Classes here at CU are on break, so I’m going to take a day off to catch up on reading and spend time with my family. I’ll be back on Wednesday.


Housekeeping Notes

After a couple of weeks of posting, and with the realization that the semester will leave less time for coming up with brilliant and interesting topics, I’ve decided to go to a three-times-a-week posting schedule. There may be weeks when I post more often, but I will do my best to post, at a minimum, on Monday, Wednesday, and Friday.

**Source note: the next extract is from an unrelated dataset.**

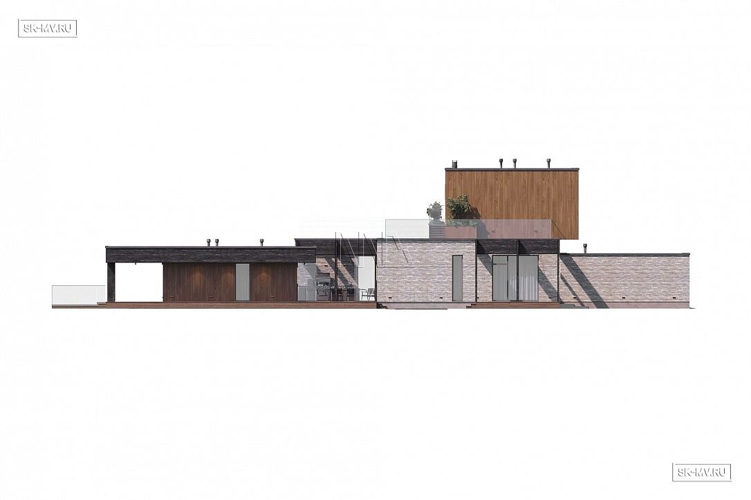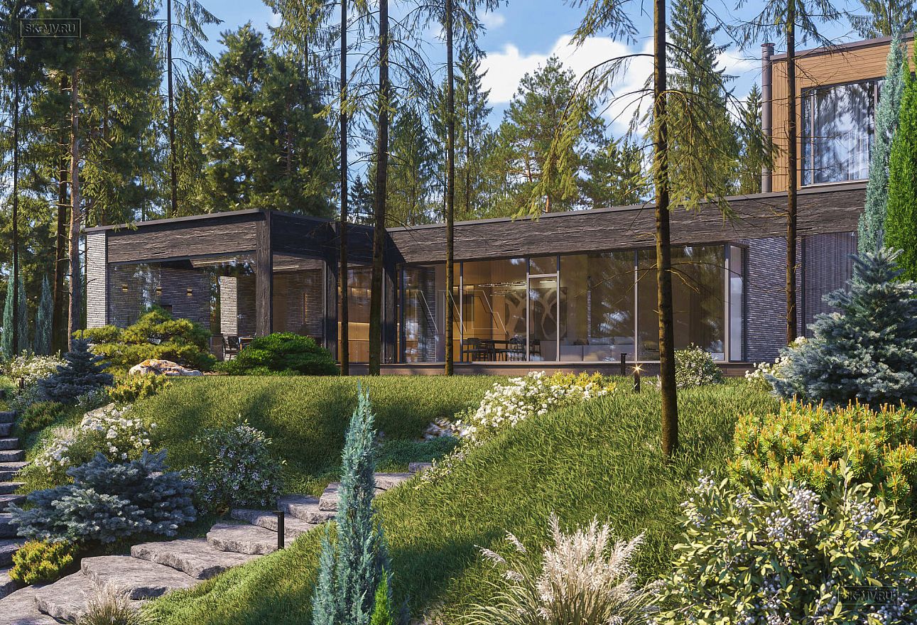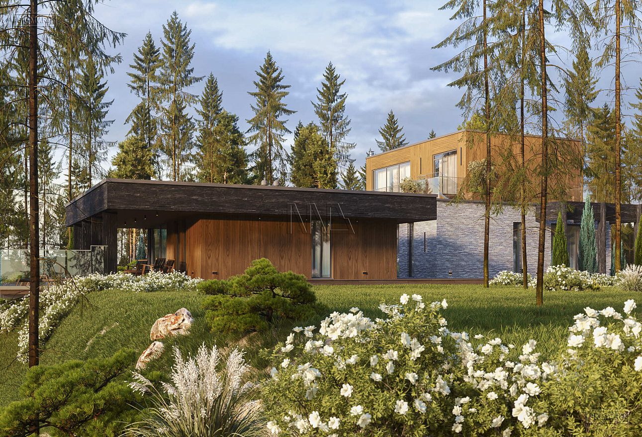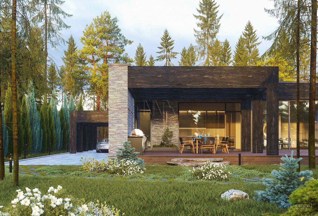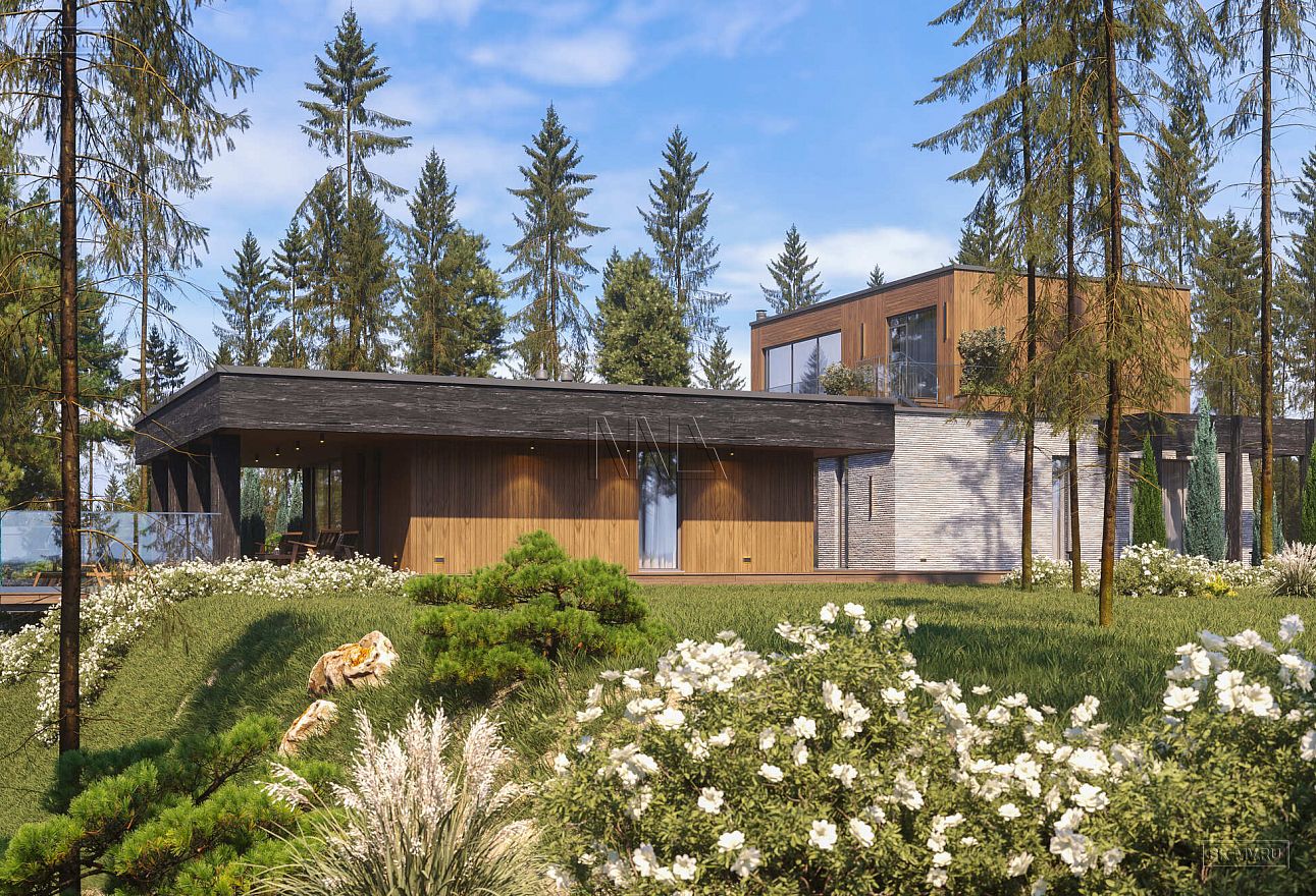 Дом выполнен в современном стиле, что подчеркивают такие элементы, как плоская кровля, минималистичная облицовка, широкие панорамные окна в пол. Экстерьер отличается сдержанными натуральными цветами: облицовочный кирпич смешанных оттенков светло-коричневого тона, темное и светлое дерево.

Also, I wanted to acknowledge a couple of individuals. Darrell Dow recommended that I replace my atrocious (my word, not his) original header with the current one, which he created. He also made some other suggestions about ways to increase traffic. I also want to thank my colleague at Cumberland, Dr. Sarah Pierce, with whom I had an encouraging talk during a summer registration session. Her enthusiasm for her own blog and Twitter account convinced me to take the idea for this blog, which I had been contemplating for several months, and make it happen. Neither of them are responsible for any of the blog’s shortcomings, of course; I was able to make those happen all on my own.